No nation, country, culture can define itself without reference to something outside itself.  For the category of "American" to exist, something out there (or within) must be defined as Out of Category (i.e. not American). If there were no other countries in the world "France" would have no meaning at all.

Acknowledging these things leads to a strange thought experiment:  imagining a world where we couldn't tack on an adjective at the end of Americans are/Japan is/ France was/Brazil will be because we will have changed our minds about this way of organizing our world, and we just don't need those categories anymore.

4 comments:

Maria said...

I grew up with a calendar where the week goes from Sunday to Saturday. It still rules in my head, so for me, the week begins on Sunday. To all the Spaniards who surround me, including my family, it begins on Monday. What is a fruit and what is a vegetable? Is a tomato a vegetable or a fruit? A potato? These are seemingly irrelevant musings, but to our sense of compartmentalizing as humans, necessary. It's as if we think that if we can't control the littlest things, how can we control the bigger things? And being human is mostly about being in control to be able to function as a species and to protect the species from the chaos of a state of lack of control.

Victoria FERAUGE said...

Oh yes, when we cross cultures and our categories are revealed to be arbitrary makes us crazy. And you're right it's not necessarily the big stuff the sends us over the edge. I have this never-ending battle with my mother-in-law over the category "family". We've been talking about this one for 25 years. Her mental model is based on biology - if it's not related to you by blood then it's not family. End of discussion. Adoptees, step-parents and so on are not family. My mental model is based on social kinship where even the ex-wife of a step-parent is family. I'm deeply threatened by her model and she by mine.

Inaka Nezumi said...

Haha, I have the exact same disagreement with my mother-in-law. She means well, but cannot bring herself to refer to my sister as my sister, but always as my adopted sister, or "that girl your parents adopted." I've tried to explain that socially and legally there is supposed to be no such distinction in the US (with, for example, my sister's official birth certificate showing the same parents as mine does, and the original one having been legally voided and not accessible even to her), and she accepts that that is the way it is done in the US. Just not what she is used to.

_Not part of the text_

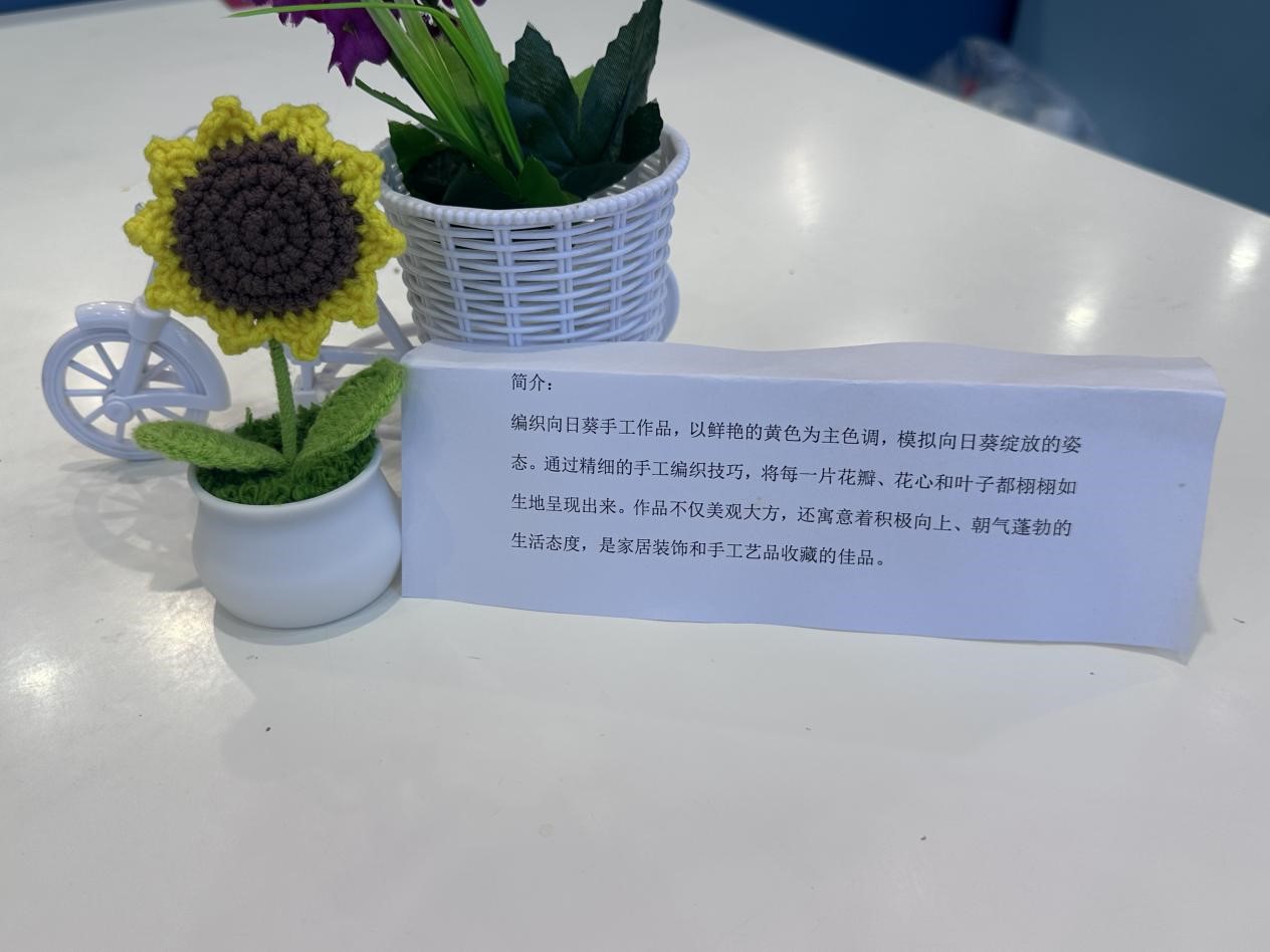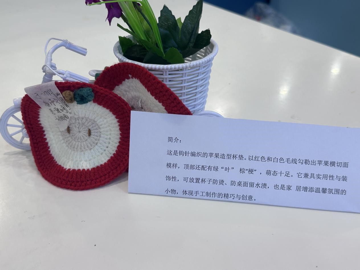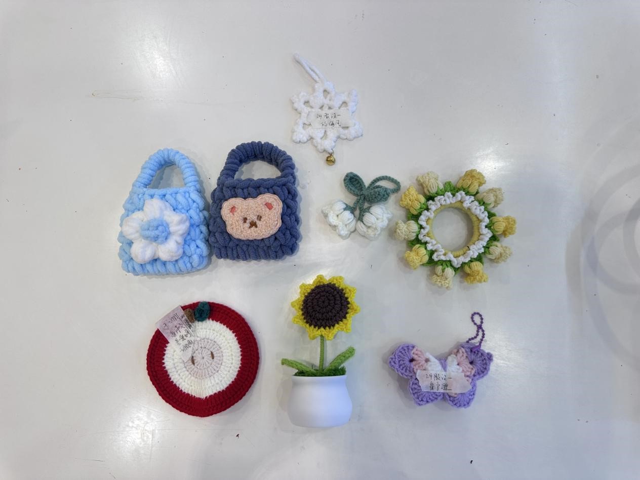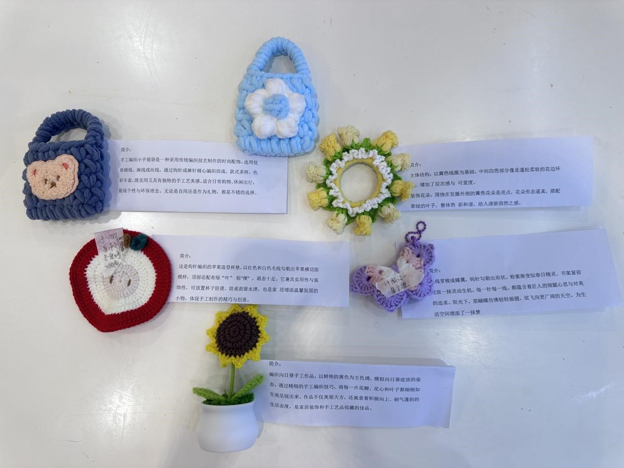 本次活动共分为活动策划、作品创作和成果展示三个流程。活动开展前,活动负责人精心策划,整合基础针法、花样编织等系列视频,给同学们分享线上课程资源,便于同学们随时学习交流。活动期间,同学们以针为笔、以线为墨,在编织、缝制等多元形式中展现巧思,既注重作品细节,又充分释放艺术张力,于经纬交错间实现手工实践与心理调适的双重收获。在作品展示环节,同学们提交的作品种类繁多、各具特色,有憨态可掬的动物玩偶、小巧精致的杯垫、寓意美好的盆栽,还有将校园地标、校徽元素融入的特色挂饰,这些作品体现了艺术与生活的深度融合,通过织物特有的温度与质感展现了当代大学生积极乐观的生活态度。

Not sure how much of a cultural thing it is as a generational one, though. I've heard stories here of adoptions being papered over legally in Japan, with no one supposed to talk about it or recognize the difference again. I've also heard family history stories from previous generations in the US where the difference between adopted and biological relations was considered significant. So I couldn't claim, based on admittedly small sample sizes, that there is a consistent approach to such issues in either the US or Japan.

Victoria FERAUGE said...

Fascinating Nezumi-san. Could be cultural or generational but also economic/legal in the sense that biology is the basis for kinship which is the basis for "forced heirship".

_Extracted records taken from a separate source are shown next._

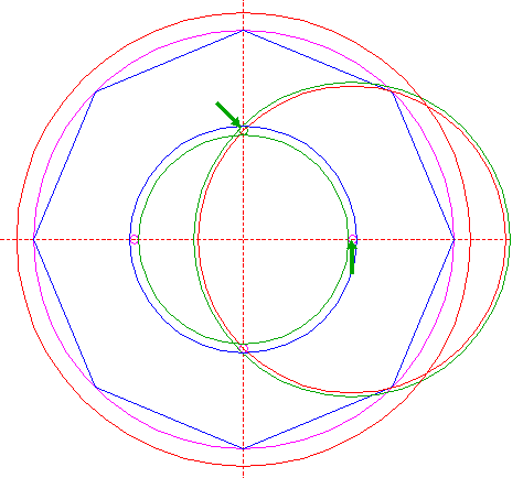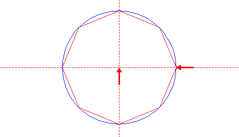 | Construct the inscribed octagon of circle 15, pointing to the right.
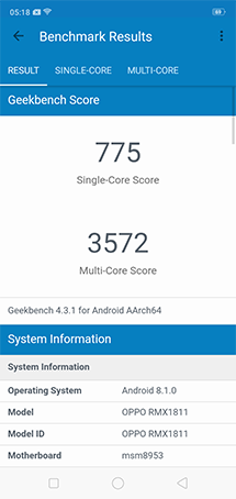 - ทดสอบด้วยแอปพลิเคชั่น GeekBench 4 ได้คะแนน Single Core 775 และ Multi Core 3,572 คะแนน
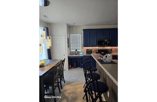 This property offers a kitchen with a perfect blend of style and functionality, featuring modern appliances, ample counter space, and freshly painted cabinets. Complete with a dining table that sits 6 and 4 bar stools. Get your morning coffee, hot water for tea with the Keurig machine. The space features two living areas, with a comfortable couch and two papasan seats to watch TV while cooking or relaxing. The other is the Entertainment room. This offers ultimate space for entertainment, fun, and relaxation. It has a shuffleboard, game boards, and a DVD player for your movie nights. Plus a half bathroom.
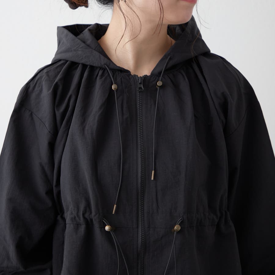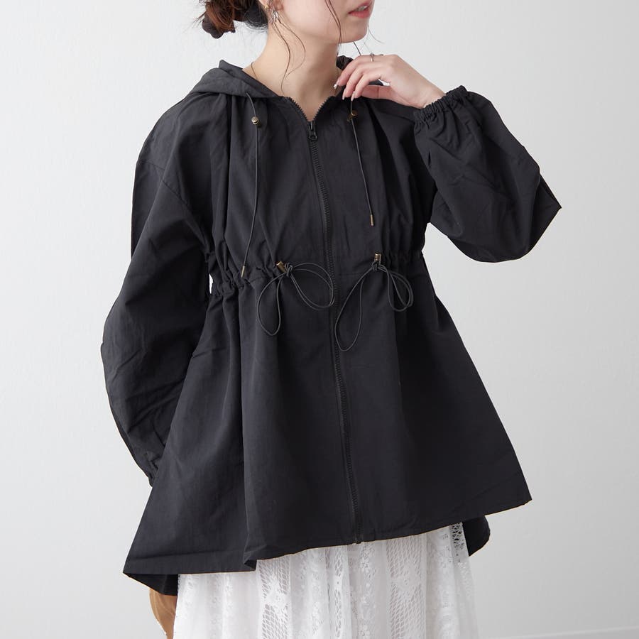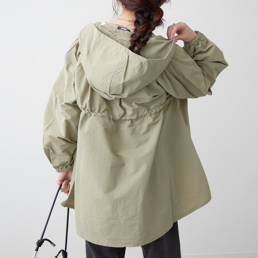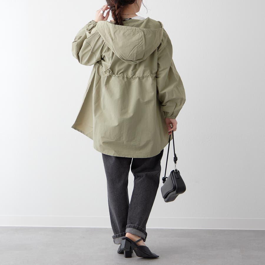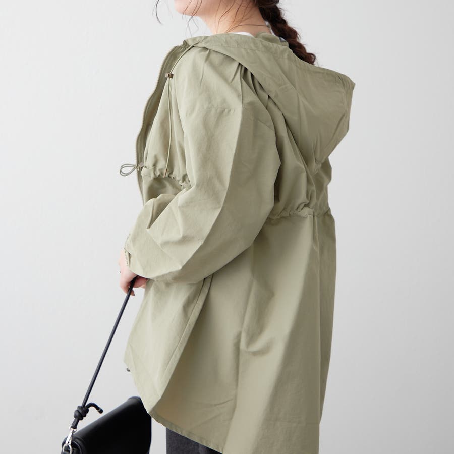 【カーキ】【ウエストを絞ってスタイルアップ】ドロストフード付ブルゾン
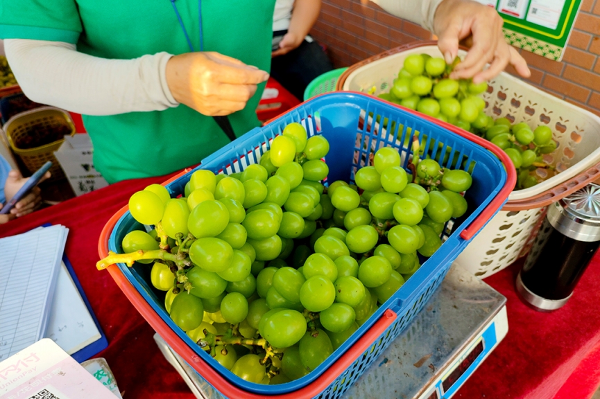 葡萄園里不僅有陽(yáng)光玫瑰,還有市面上備受好評(píng)的巨峰葡萄,輕咬一下就爆汁,讓你有初戀般的甜蜜,甜而不膩!
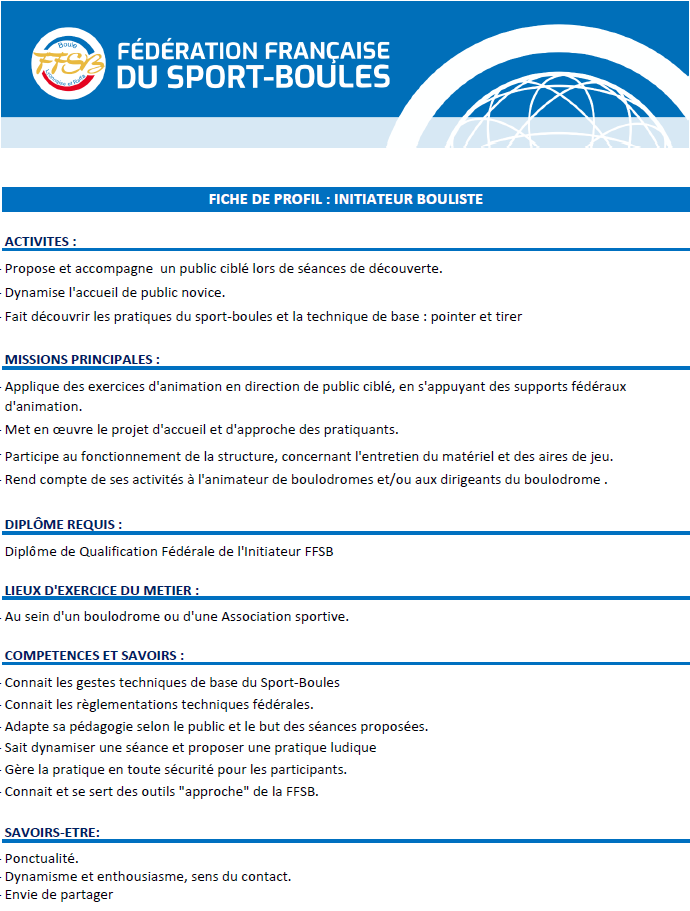 Le Comité Bouliste Départemental de l’Isère organise cette saison une formation d’initiateur bouliste.

Under French law the biological (and legally adopted) children of a Frenchman or woman are his or her principal heirs. That means ALL children including those born out of wedlock. There is a persistent rumor that former French president Jacques Chirac has a natural child here in Japan. If true, that child could ask for a portion of his estate when he dies. This means that second spouses and step-children are not in a good place when it comes to inheritance since the biological children of the first marriage are protected - their step-mother or father or step-siblings not so much (if at all).

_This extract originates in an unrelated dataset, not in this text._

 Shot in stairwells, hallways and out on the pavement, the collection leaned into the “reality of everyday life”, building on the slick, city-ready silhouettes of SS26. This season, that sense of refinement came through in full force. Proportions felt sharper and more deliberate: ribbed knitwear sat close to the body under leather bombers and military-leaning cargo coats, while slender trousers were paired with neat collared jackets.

I described this to a Japanese woman I know here in Osaka and she was horrified. "That's not fair," she said. She found it unbelievable that a French cannot, for example, simply will everything he has in France or elsewhere to his or her surviving spouse and that the family of the first marriage, even children who are estranged from the parent, will always be heirs and entitled to a fixed portion of the final estate. When I first moved to France I had a reaction similar to hers but I suppose like so many things I now just take it for granted.